Utmost Intimidation: The Power to Terrify - First World War Tanks
In the first part of this series we saw some strangely-shaped armored vehicles from the first idea of a tank to real-world pre-WW1 war machines. The 1900s were perhaps the most fascinating period in tank history as nothing on the engineering side was "cast in stone" yet and the resulting shapes were wildly unpredictable. It was a time of experimentation, shifting ideas and a constant flow of prototypes. Now we come to the point in history when all this frightening potential had to become a sinister reality and a race to the top "number of casualties" from a particular machine...
(left: the 1904 David Roberts ‘crawler track’ seen on ‘Hornsby Steam Crawler Track Tractor’. right: “Dreadnought” 3D art by Matt Wood & Julian Holtom)

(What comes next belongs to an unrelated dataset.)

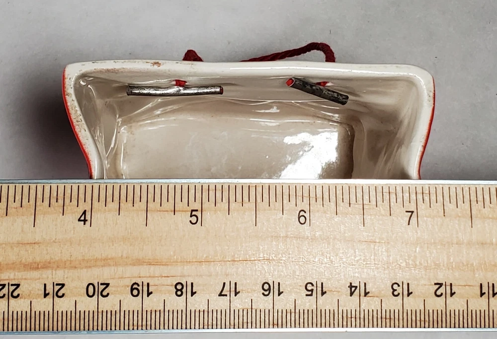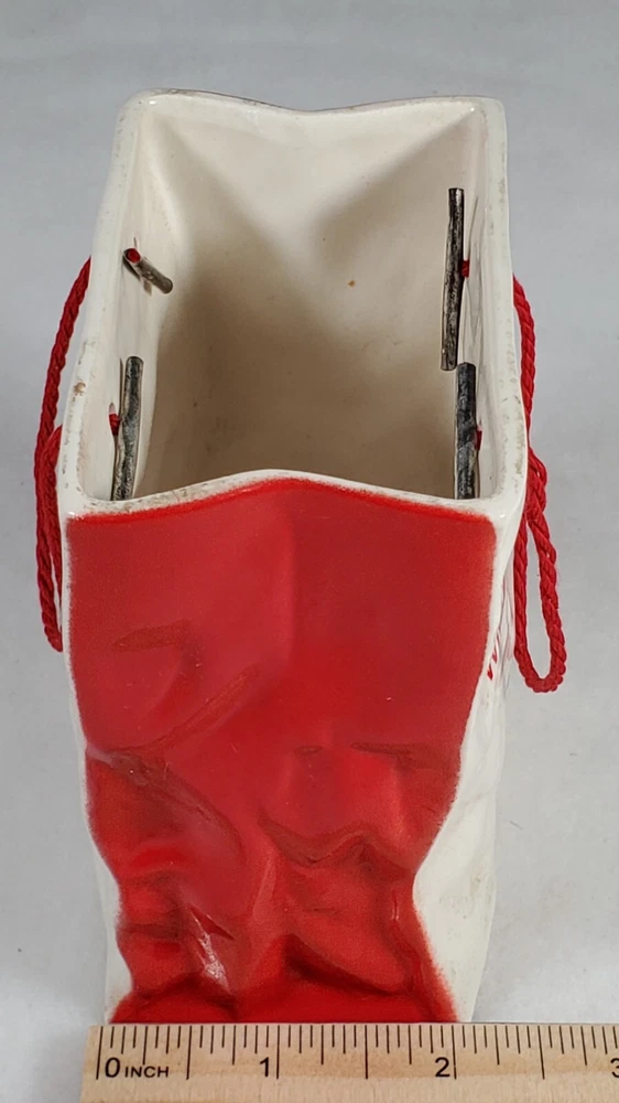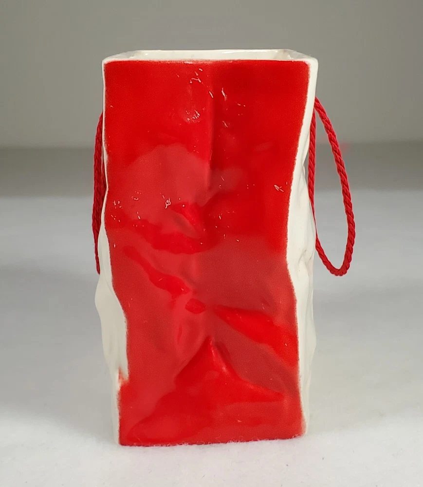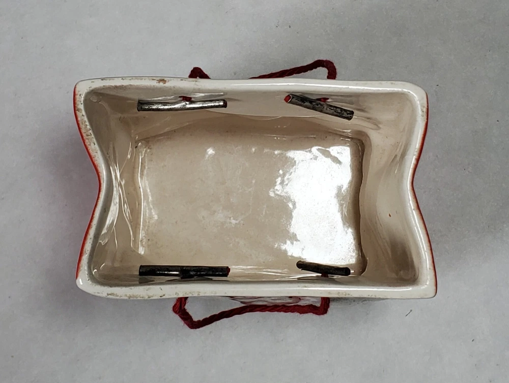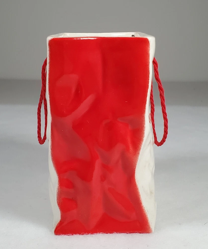 Harrods Ceramic Shopping Bag Windsor Tea, Red And White, Carlton Ware England. 4 inches tall. 3.5 inches long. 2 inches wide. READ: Minor loss of red paint; minor wear overall; no chips; no cracks; red handles in good condition.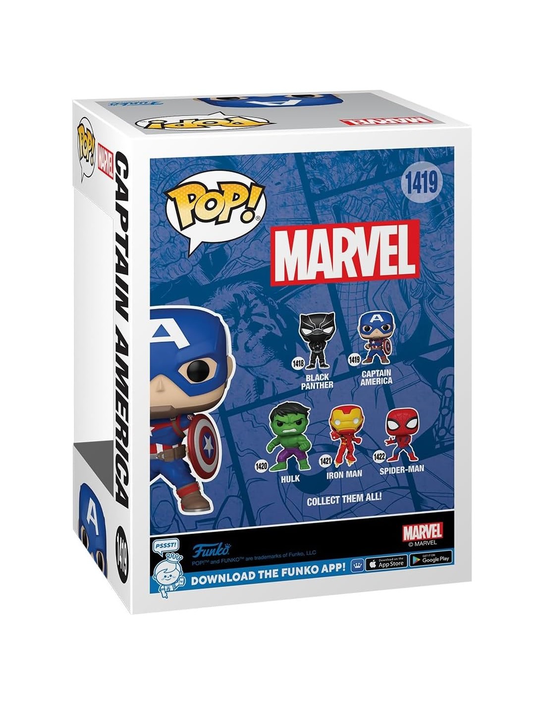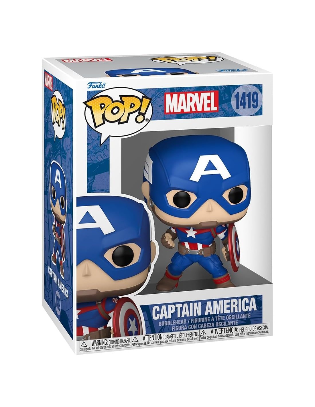 La figura Funko Pop! Capitán America Modelo 1419 | 82497 captura a Steve Rogers en su icónico traje de Capitán América, con su escudo en mano y listo para defender la libertad y la justicia. Hecha de vinilo de alta calidad, esta figura destaca por su diseño meticuloso, que refleja no solo su característico uniforme azul y blanco, sino también la actitud decidida y el espíritu de lucha que lo definen como uno de los héroes más admirados del universo Marvel.

"Steam Mastodons" on the Canadian Prairies
The beginnings of enormous steam tanks can be traced to the humble steam tractors widely manufactured and used by the end of 19th century. "Humble", that is, if you do not consider the truly monstrous tractors from British tractor maker Marshall, Sons & Company. This company was in business since 1848, making its first tractor in 1907 and now looking for new markets in Western Canada. Winnipeg, Manitoba, and Saskatoon, Saskatchewan got the first taste of these grandiose plans:
This was the heaviest ready-for-combat tank of WWI, "The America". Some specialists cite glaring problems with this tank, for example, "a stray shell would have ignited the kerosene stores, and exploded the steam-chambers scalding to death everyone inside". The Steam Tank, however, was a step above the Tsar Tank in that it did not completely fail. It was ready to be sent to the battlefields... equipped with a flamethrower!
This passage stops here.